Strong's writing is sharp, full of clarity, understanding, and wit. It is honest and tender and angry, like so many of us are -- the scenarios, thoughts, and feelings rendered in a way that is incredibly prescient. . . .This is a novel that begs to be consumed, shelved, and revisited again in the not-so-distant future.
--The Nerd Daily

Strong writes womanhood with brutal honesty; exhaustion, love, desire, anxiety, and the devastation of unfulfilled expectations permeate every page. . . .Strong's writing consistently distills bitter truths in understated yet penetrating ways. A wise, unflinching, and compelling novel about womanhood.
--Kirkus, starred review

The pages crackle with a sense of desire, of need, of desperation and hope and longing in this smart story of a woman who wants--no, needs--to find herself, rather than acquiescing to what others want for and from her. Want is a novel of modern womanhood that is not to be missed.
--Shelf Awareness, starred review

Strong has an uncanny way of pulling the reader into the heart of her narrative and creating an intimate portrayal of relationships that are fractured but necessary. . . [Want] will appeal to lovers of Mrs Dalloway and Ducks, Newburyport. . . .and will have you dabbing away at your eyes and swallowing that lump in your throat.
--Booklist

Impressive. . .This is well worth a look.
--Publishers Weekly

Furious, aching and razor sharp, Want is a beautiful book.
--Emma Cline, NYT bestselling author of The Girls

A deeply intelligent and sneakily moving novel about having the ground fall away beneath your feet.
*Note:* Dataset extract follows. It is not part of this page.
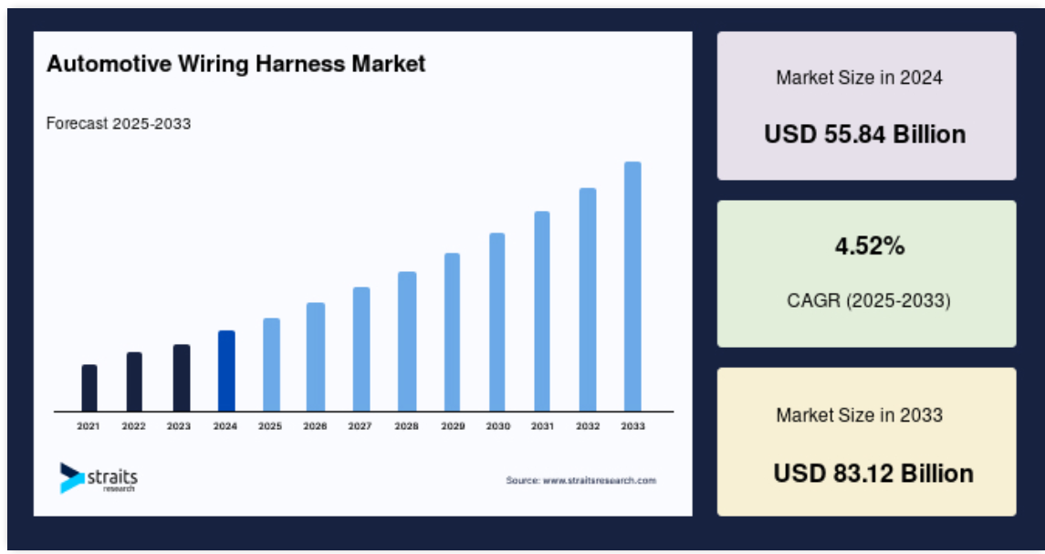 自動車用ワイヤーハーネスの世界市場規模は、2024年には558.4億米ドルでしたが、2025年には583.6億米ドル、2033年には831.2億米ドルに達すると予測され、予測期間中(2025年~2033年)の年平均成長率は4.52%です。
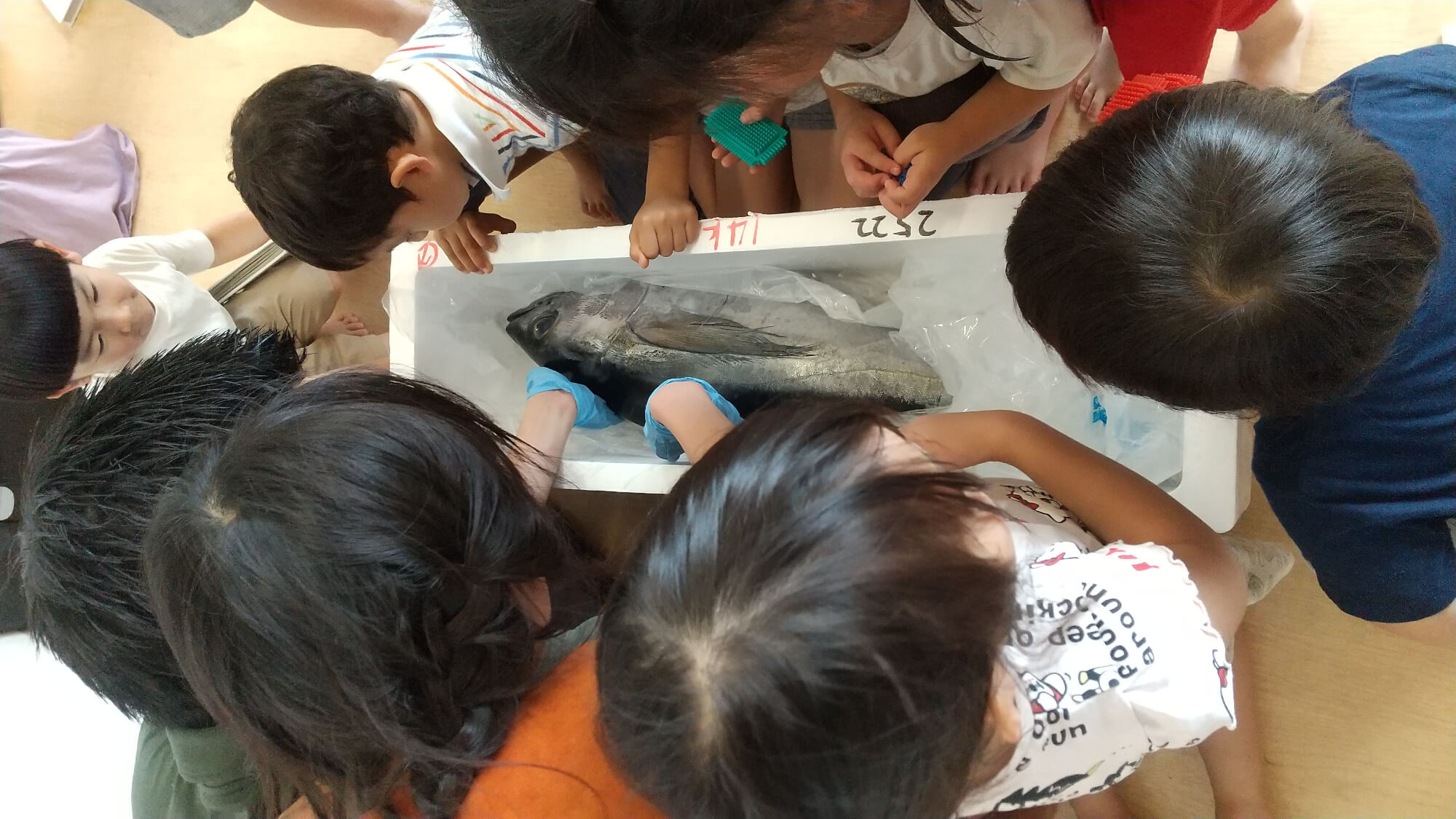 調理スタッフが梱包をほどくと、「わー大きな魚」「なんの魚?」「触ってみてもいい?」と恐る恐る手を伸ばし、指先で感触を確かめていました。

Strong ingeniously undercuts conventional wisdom about what it means to be a success in this world.
--Jenny Offill, author of Dept. of Speculation

Teacher, mother, best friend, wife and more. Is there any time or space left for Elizabeth outside of these roles? Lynn Steger Strong illustrates the heroic act of one woman trying her best to keep it all together; succeeding and failing and trying again. Want is honest and funny and profoundly moving. I tore through this book in two days and when it was over I wanted to start it again."
--Victor LaValle, author of The Changeling

Lynn Steger Strong's Want is a fierce, funny, and consistently surprising exploration of friendship, bankruptcy, motherhood, and that slippery thing we call privilege. The voice is electric and nuanced; it feels possessed by a rare, inexplicable urgency. It's less that this novel peels away the surfaces of daily life--school pick-up, subway commutes, vomiting toddlers--to expose the deeper truths dwelling underneath, and more that it exposes the ways those deep truths already saturate every crevice of our day-to-day lives. Once I started reading this book, I kept reading it compulsively--in a kind of fever--and since finishing, I've found myself returning frequently to its insights, grateful for their fervor, their complexity, and their grace.
--Leslie Jamison, author of The Empathy Exams, The Recovering, and The Gin Closet

"It's not just the story of what it is to be a mother and wife, a daughter and friend, a citizen and employee--Want is a novel about what it is to be alive right now, one that truly captures the urgency of human thought and feeling."
--Rumaan Alam, author of Rich and Pretty and That Kind of Mother

I felt a giddy sort of love for Lynn Steger Strong's new novel Want. It's not like anything else: caustic and despairing and sometimes, unexpectedly, laugh out loud funny. Sentence after sentence, this book took my breath away.